Trump's top general says Iran honoring nuke deal

Gen. Joseph Dunford listens on Capitol Hill in Washington. Associated Press  Jacquelyn Martin

Gen. Joseph Dunford listens on Capitol Hill in Washington. Associated Press Jacquelyn Martin

Speaking at a Senate Armed Services Committee hearing on his reappointment to the chairmanship after two years of service, Gen.

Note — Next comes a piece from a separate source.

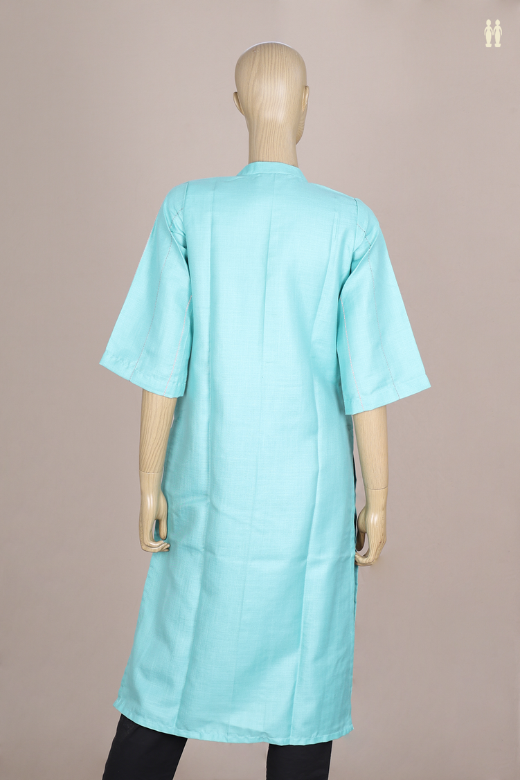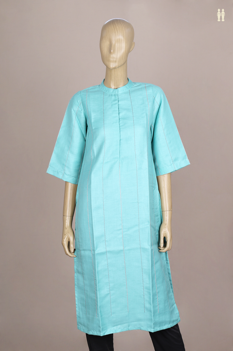 Chinese Neck Stripes Design Turkish Blue Linen Long Kurta

Joseph Dunford revealed the advice he said he had privately provided to the administration.

"We see this with a lot of attention", said general Dunford, questioned by republican senator John McCain on the tensions with the regime in Pyongyang. Mazie Hirono, who asked whether he stood by his 2015 assessment that Russian Federation, followed by China and North Korea, posed the greatest threats to the order of severity.

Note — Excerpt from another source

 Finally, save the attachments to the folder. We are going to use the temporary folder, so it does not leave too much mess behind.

In a hearing before the Committee votes to reappoint Gen. Joseph Dunford in his current role as the top military advisor to the president, he addressed the rise of China, Russia's increasing use of electronic and cyber warfare, and worries over threats from North Korea.

On transgender soldiers - which are now in limbo as the Pentagon reviews the issue - Dunford said, "I do", when asked if he believed that trans soldiers have served with honor and valor by Democratic Sen.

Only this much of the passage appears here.